Topology Identification and Parameters Estimation of LV Distribution
Networks using Open GIS Data
Abstract
The topology of low-voltage distribution networks (LVDNs) is crucial for
system analysis, e.g., distributed energy resources (DERs) integration,
network hosting capacity analysis, state estimation, and electric
vehicle charging management. However, it is frequently unavailable or
incomplete. We develop a data-driven topology identification approach
for DNs with a high proportion of underground cables. The proposed
approach exploits the fact that underground cables usually follow the
street pattern, thus relying on open street map (OSM) and smart meter
(SM) data. Three stages compose the proposed approach: In the first
stage, a hierarchical minimum spanning tree algorithm is proposed to
generate the initial topology with an accurate number of sub-branches
from the pre-processed OSM data and peak demand.

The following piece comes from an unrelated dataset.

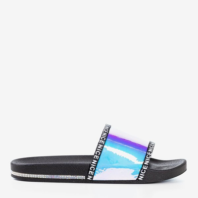 Tongs noires avec bracelet Rinata violet holographique - Chaussures 1

In the second stage,
based on the limited SM data, the location of breakpoints in mesh
topology caused by circle roads is verified and reconstructed to
guarantee the radial structure of LVDNs. Finally, given multiple
incomplete SM datasets, three data-driven optimization models based on a
state estimation model are constructed to mitigate the error of cable
length induced by OSM data. The feasibility of the proposed topology
identification approach is verified on three actual LVDNs in the
Netherlands and multiple incomplete SM datasets.